Your objective | Transcribe every entry exactly, leaving out any pictures.

Extracted records |
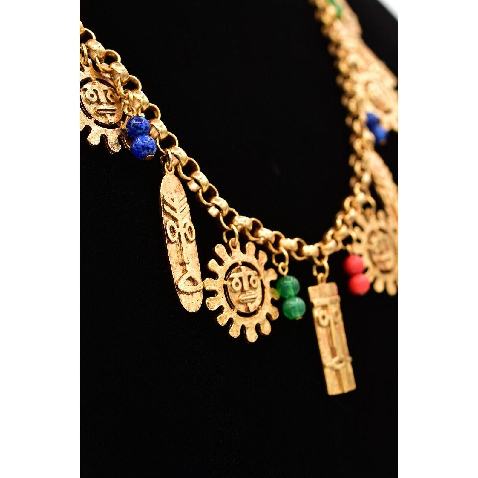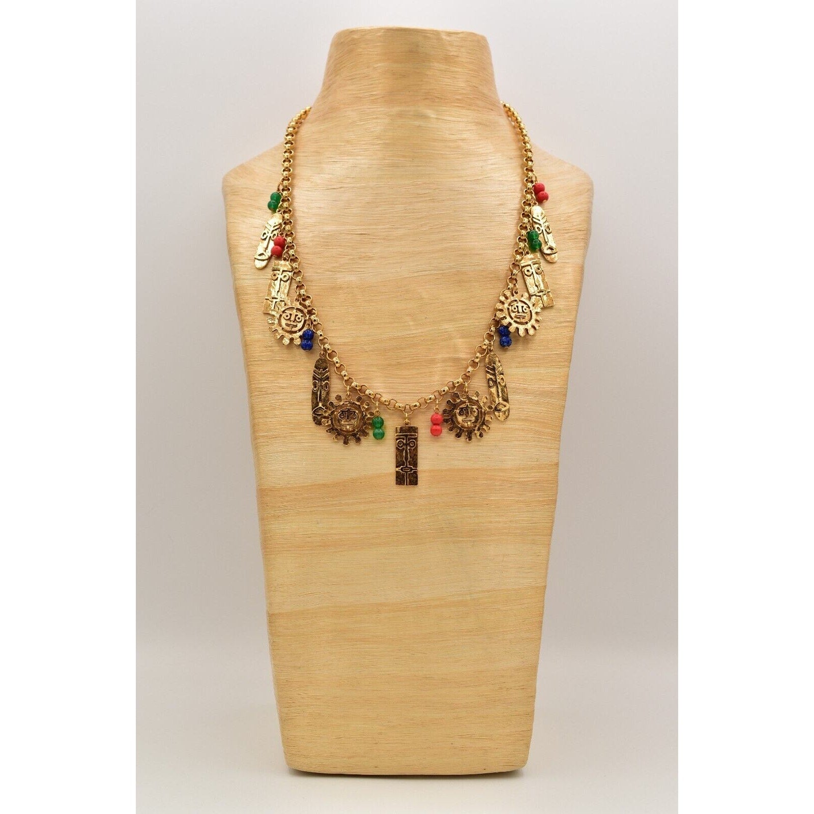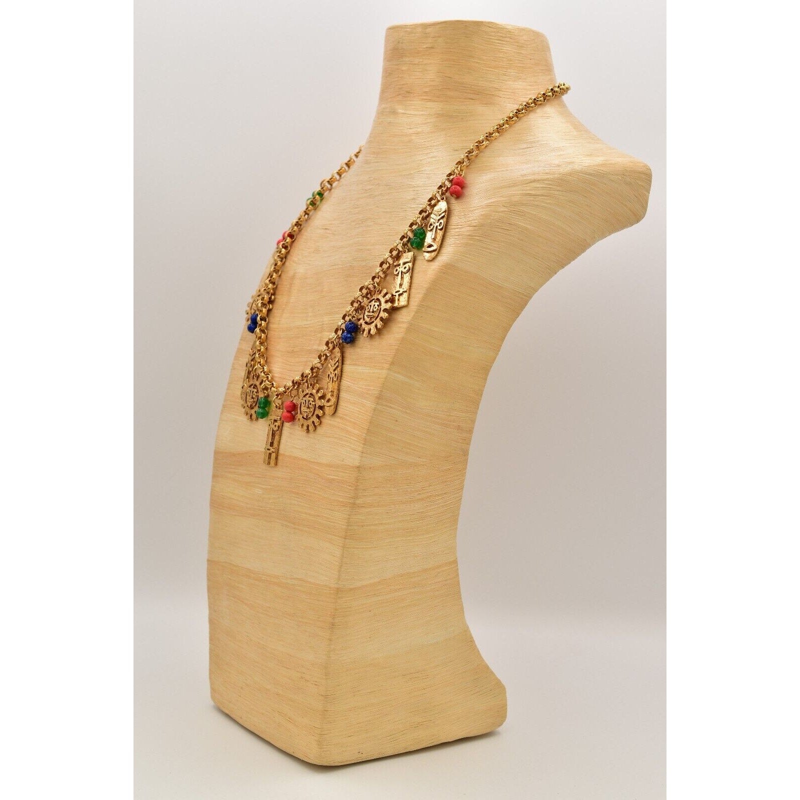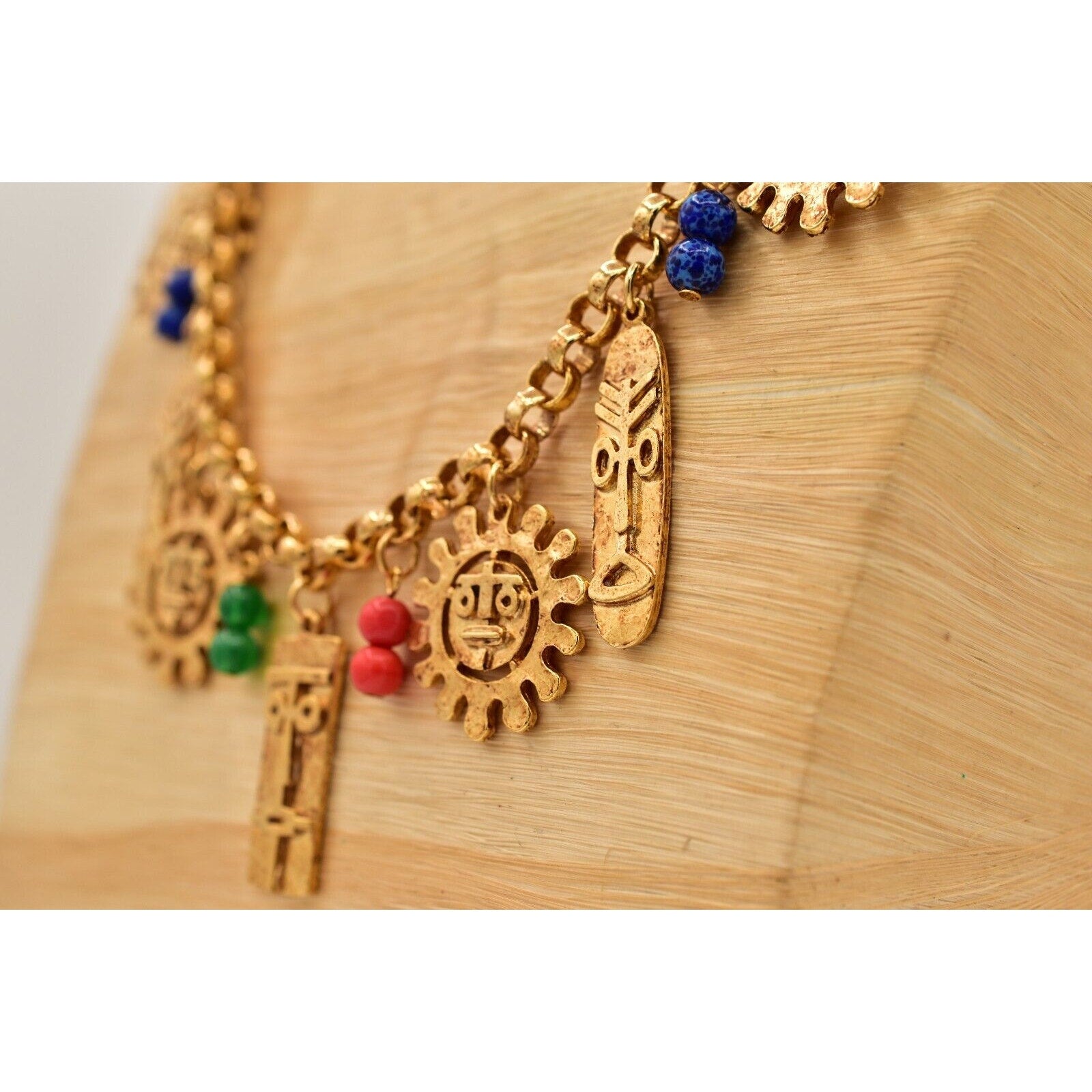 Vintage gold tone necklace featuring suns, masks, and multi-color beads.
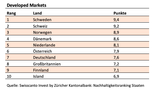 Ein anerkanntes Ranglistenverfahren für staatliche Green Bonds führt die Zürcher Kantonalbank durch. Ökologische, soziale und Governance-Faktoren werden hierbei analysiert und im Rahmen eines Benotungssystems (maximal 10 Punkte) vergleichbar gemacht. Derzeit sieht die Rangliste der Emittenten-Staaten wie folgt aus:
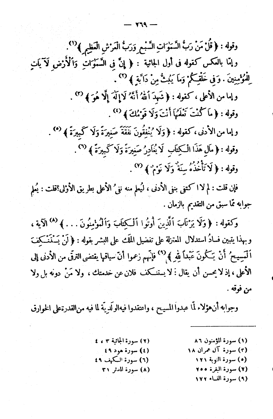 وَكَقَوْلِهِ: {ولا يرتاب الذين أوتوا الكتاب والمؤمنون} الْآيَةَ، وَبِهَذَا يَتَبَيَّنُ فَسَادُ اسْتِدْلَالِ الْمُعْتَزِلَةِ عَلَى تَفْضِيلِ الْمَلَكِ عَلَى الْبَشَرِ بِقَوْلِهِ: {لَنْ يَسْتَنْكِفَ المسيح أن يكون عبدا لله} فَإِنَّهُمْ زَعَمُوا أَنَّ سِيَاقَهَا يَقْتَضِي التَّرَقِّيَ مِنَ الْأَدْنَى إِلَى الْأَعْلَى إِذْ لَا يَحْسُنُ أَنْ يُقَالَ لَا يَسْتَنْكِفُ فُلَانٌ عَنْ خِدْمَتِكَ وَلَا مَنْ دُونَهُ بَلْ وَلَا مَنْ فَوْقَهُ.
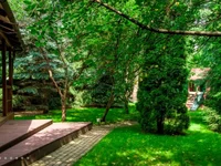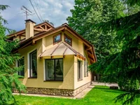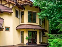 a country house with an area of 340 m ² Built on a forest plot of 12.8 acres. The facade is lined with yellow plaster, decorated with a stone in basement and dark beams.
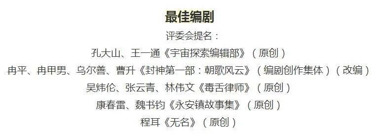 7、最佳编剧提名:孔大山、王一通《宇宙探索编辑部》;冉平、冉甲男、乌尔善、曹升《封神第一部:朝歌风云》;吴炜伦、张云青、林伟文《毒舌律师》;康春雷、魏书钧《永安镇故事集》;程耳《无名》
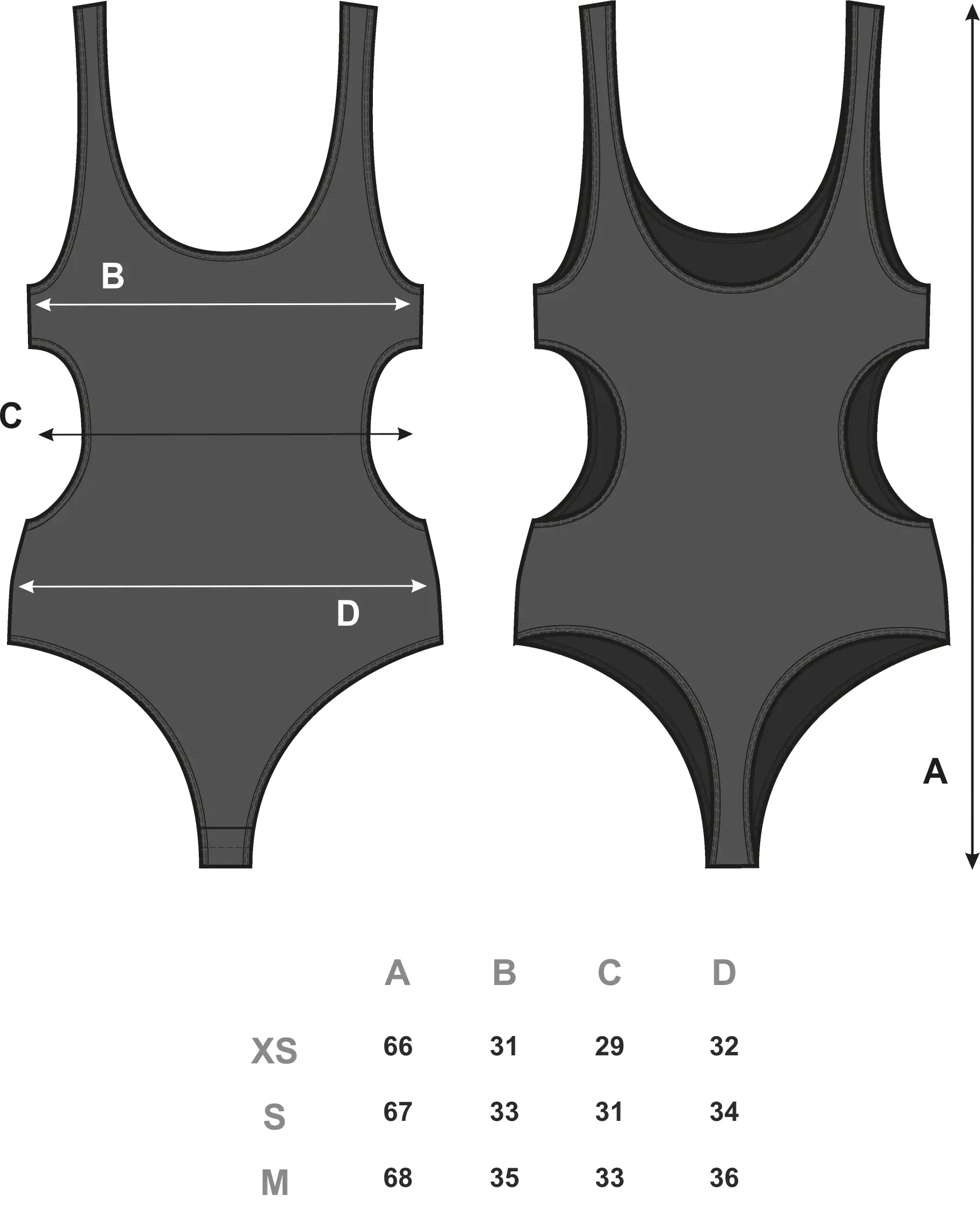 Боди фиксируется по низу тесьмой с кнопками, регулируемыми по росту — для среднего и высокого. Сзади выполнено по типу «бразилиана», обеспечивающему минимальное пролегание швов.
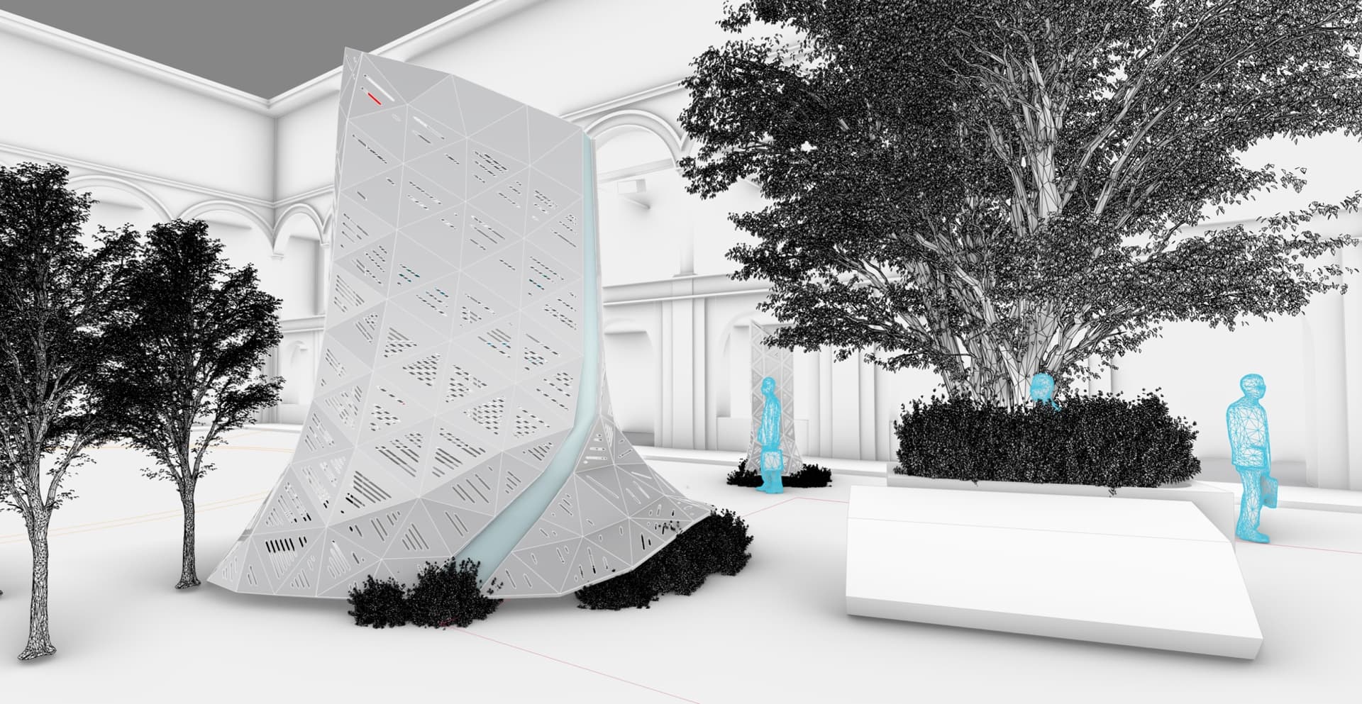 L’insieme dei due elementi che compongono Urban Lounge, la torre di purificazione aria EcoAir Tower e il nebulizzatore di acqua, si integrano armoniosamente con un albero di Magnolia, testimoniando come la tecnologia possa aiutare ad acquisire una nuova prospettiva sulla natura, integrandosi e completandosi con essa.
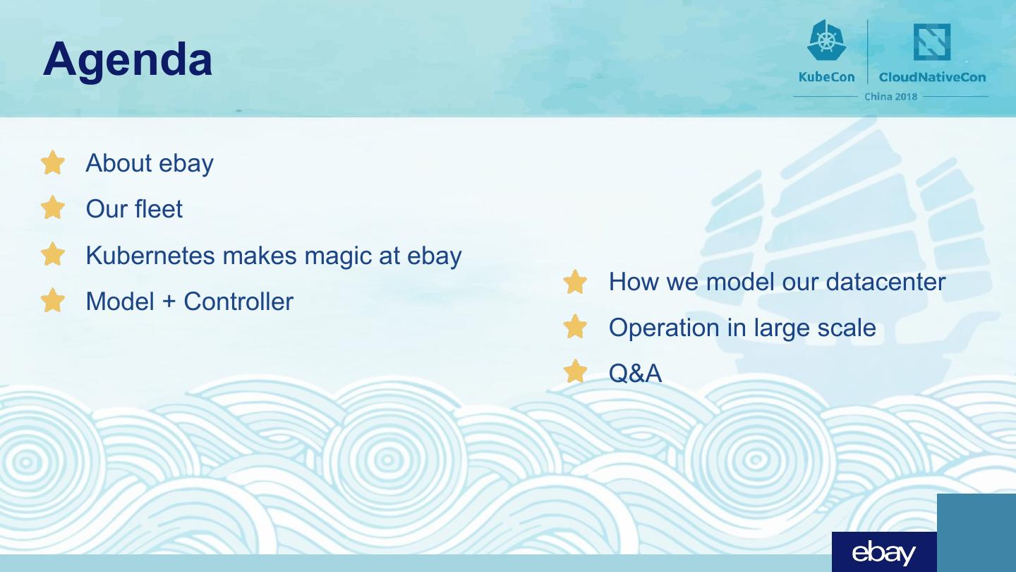 2 .Agenda About ebay Our fleet Kubernetes makes magic at ebay How we model our datacenter Model + Controller Operation in large scale Q&A

Result for this exercise |
 Vintage gold tone necklace featuring suns, masks, and multi-color beads.
 Ein anerkanntes Ranglistenverfahren für staatliche Green Bonds führt die Zürcher Kantonalbank durch. Ökologische, soziale und Governance-Faktoren werden hierbei analysiert und im Rahmen eines Benotungssystems (maximal 10 Punkte) vergleichbar gemacht. Derzeit sieht die Rangliste der Emittenten-Staaten wie folgt aus:
 وَكَقَوْلِهِ: {ولا يرتاب الذين أوتوا الكتاب والمؤمنون} الْآيَةَ، وَبِهَذَا يَتَبَيَّنُ فَسَادُ اسْتِدْلَالِ الْمُعْتَزِلَةِ عَلَى تَفْضِيلِ الْمَلَكِ عَلَى الْبَشَرِ بِقَوْلِهِ: {لَنْ يَسْتَنْكِفَ المسيح أن يكون عبدا لله} فَإِنَّهُمْ زَعَمُوا أَنَّ سِيَاقَهَا يَقْتَضِي التَّرَقِّيَ مِنَ الْأَدْنَى إِلَى الْأَعْلَى إِذْ لَا يَحْسُنُ أَنْ يُقَالَ لَا يَسْتَنْكِفُ فُلَانٌ عَنْ خِدْمَتِكَ وَلَا مَنْ دُونَهُ بَلْ وَلَا مَنْ فَوْقَهُ.
 a country house with an area of 340 m ² Built on a forest plot of 12.8 acres. The facade is lined with yellow plaster, decorated with a stone in basement and dark beams.
 7、最佳编剧提名:孔大山、王一通《宇宙探索编辑部》;冉平、冉甲男、乌尔善、曹升《封神第一部:朝歌风云》;吴炜伦、张云青、林伟文《毒舌律师》;康春雷、魏书钧《永安镇故事集》;程耳《无名》
 Боди фиксируется по низу тесьмой с кнопками, регулируемыми по росту — для среднего и высокого. Сзади выполнено по типу «бразилиана», обеспечивающему минимальное пролегание швов.
 L’insieme dei due elementi che compongono Urban Lounge, la torre di purificazione aria EcoAir Tower e il nebulizzatore di acqua, si integrano armoniosamente con un albero di Magnolia, testimoniando come la tecnologia possa aiutare ad acquisire una nuova prospettiva sulla natura, integrandosi e completandosi con essa.
 2 .Agenda About ebay Our fleet Kubernetes makes magic at ebay How we model our datacenter Model + Controller Operation in large scale Q&A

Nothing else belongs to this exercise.